[PATCH 1 of 2] mq: add qfrozen command to protect patches from careless modification

FUJIWARA Katsunori fujiwara at ascade.co.jp
Mon Jun 15 03:35:27 CDT 2009


At Mon, 15 Jun 2009 09:15:02 +0200,
Dirkjan Ochtman wrote:
> 
> On Mon, Jun 15, 2009 at 05:03, FUJIWARA Katsunori<fujiwara at ascade.co.jp> wrote:
> > Thank you for your comment, Ochtman.
> >
> > I assume the use-case that:
> >
> >    1. problem(or new requirement) requires the crossing-patch
> >       modifications.
> >
> >    2. each modifications are closed to others, so once 'qrefresh'ed
> >       accidentally, it is not impossible but trouble to separate them.
> >
> >    3. 'revert' for the patch 'qrefresh'ed accidentally in patch repo
> >       is not acceptable, because it discards intermediate works
> >
> >    4. intermediate 'qcommit' causes creation of BROKEN changeset in
> >       patch repo
> >
> > I think that patch queue versioning does not solve such problems.
> >
> > Of course, if creation of BROKEN changeset is permitted, patch queue
> > versioning is good solution.
> >
> > Is it usual way of patch queue versioning ?
> >
> > Or, are there any solutions/tools for decreasing cost of (2) ?
> 
> I think that it's indeed very acceptable to qci a state of the patch
> queue that is incomplete.
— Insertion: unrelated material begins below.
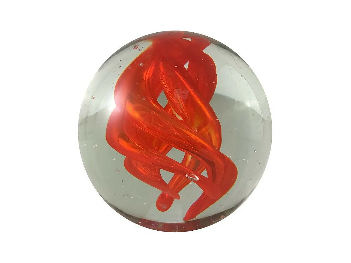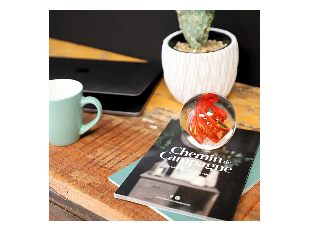 Presse papier sulfure "Tourbillons" en verre rouge Ø.10 cm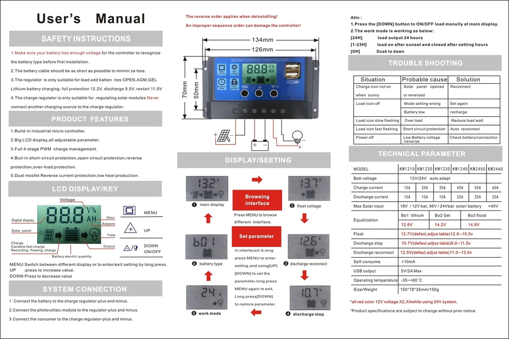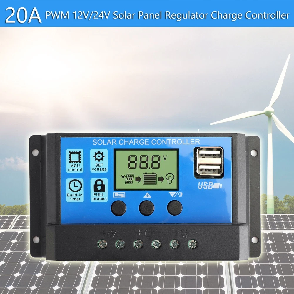 You may also like 50A 12V 24V 48V Solar Charge Controller With Wifi Monitor PWM LCD Regulator USA 69.85 USD Free shipping PWM 10-60A 12V 24V 48V Solar Charge Controller For Lifepo4 Lead Acid Gel 50.85 USD Free shipping 60A 12V/24V Solar Panel Battery Regulator Charge Controller PWM 4-Stage Dual USB 15.85 USD Free shipping 400W/120V IP60 Waterproof Solar Inverter Grid Tie MPPT Micro Inverter w Display 193.85 USD Free shipping MPPT PWM Solar Charge Controller Charger 12V/24V/48V with Color LCD Display US 26.85 USD Free shipping 60A MPPT Bluetooth APP Solar Charge Controller Charger Fits 12V-60V Battery Blue 38.85 USD Free shipping Solar Charge Controller PWM 12V Build In Timer Battery Control Adapter Black 12.85 USD Free shipping 12V/24V/36V/48V/60V 30A MPPT Wind Solar Hybrid Charge Controller Panel USB US 93.85 USD Free shipping PWM 60A 12V 24V 48V Solar Charge Controller For Lifepo4 Lead Acid Gel Battery 81.85 USD Free shipping 600W/700W Solar Inverter Grid Tie MPPT Micro Inverter APP Control with Display` 103.85 USD Free shipping PWM 40A Solar Battery Regulator Charge Controller 12V 24V 4-Stage Dual USB 13.85 USD Free shipping 1000W/220Vac IP60 WiFi Solar Inverter Grid Tie MPPT Micro Inverter APP Control 236.85 USD Free shipping 20A Solar Panel Battery Regulator Charge Controller PWM LCD Dual USB 12V/24V The Specifications: 1. Rated Voltage: 12V/24V Auto 2. Charge Current: 20A 3. Discharge Current: 10A 4. Application: Solar System Controller 5. Size: 150*78*35mm 6. Weight: 150g 7. USB Output: 5V/2A MAX 8. Operating Temperature: -35~+60℃ Safety Instructions: 1.Make sure your battery has enough voltage for the controller to recognize the battery type before first installation. 2.The battery cable should be as short as possible to minimize loss. 3.The regulator is only suitable for lead acid batteries: OPEN,AGM, GEL it is not suited for nickel metal hydride, lithium ions or other batteries. 4.The charge regulator is only suitable for regulating solar modules. Never connect another charging source to the charge regulator. With Timer and light sensor,it could work for solar light system. Only For off-Grid PV Solar System. Product Features: 1.Build-in industrial micro controller. 2.One-key setting,digital display,auto memory function. 3.Fully 4-stage PWM charge management. 4.Build-in short-circuit protections,open-circuit protections,reverse protections,over-load protections 5.Dual mosfet Reverse current protections ,low heat productions. System Connection: 1.Connect the battery to the charge regulator - plus and minus.it will show 1 ,if it detects 12V battery, 2 if it detects 24V battery. 2.Connect the photovoltaic module to the regulator - plus and minus. 3. Connect the consumer to the charge regulator - plus and minus. The reverse order applies when deinstalling! An improper sequence order can damage the controller! Note: Please allow 0-2mm error due to manual measurement. pls make sure you do not mind before you bid Due to the difference between different monitors, the picture may not reflect the actual color of the item. Thank you! Package included: 1x Solar panels Battery Charge Controller(Type as your choosed) 1 x User Manual -About US Founded in 2012, VIPJQ have professional development and sales, and are involved in various products, providing customers with various high-quality products. Since its establishment, VIPJQ has always adhered to the service concept of "customer first" and the management concept of "pursuit of quality", and is committed to providing customers with high-quality original designs. We commit to provide you the best innovative, quality products & professional services with competitive prices. We value every customer, and we look forward to providing solutions for your business needs to help your business achieve its goals, please contact us immediately! We are all about you! We are a Japanese seller,but with large warehouse in USA. We are profesional on Auto Parts,Car Parts,Motorcycle Parts,3C,other hot sale items and so on. We aim to provide to customers high quality product and best service. -About Shipment&Returns The item usually will be dispatched within 3 days after you ordered.All are free shipping. And it usually takes 3-10 working days to delivery depends on buyers' address or other majeure on the way. If you are not satisfied with the items and want to return the item,we hope you could message us first,we will give you the return details, we think we could give you the best service to save your time and money.Thank you. -About Feedback&Customer Service If you are enjoy your shopping here,not only enjoy the items but also the service,we are appreciate you could give us a 5-star feedback. If you are not satisfied with the item,before you give us the negative feedback,we hope we could give you the best solution through our commutication. We think we could do it if you give us the chance.Thank you.

Because the changesets have not yet been
> completely committed to the actual history of the parent repository
> (by way of qfinish, mostly), it is clear that the patches are
> in-progress or waiting on some other action (for example, review from
> another team member or a run through a time-intensive test suite). So
> having not-yet-complete patches committed in your patch queue
> repository seems wholly acceptable to me.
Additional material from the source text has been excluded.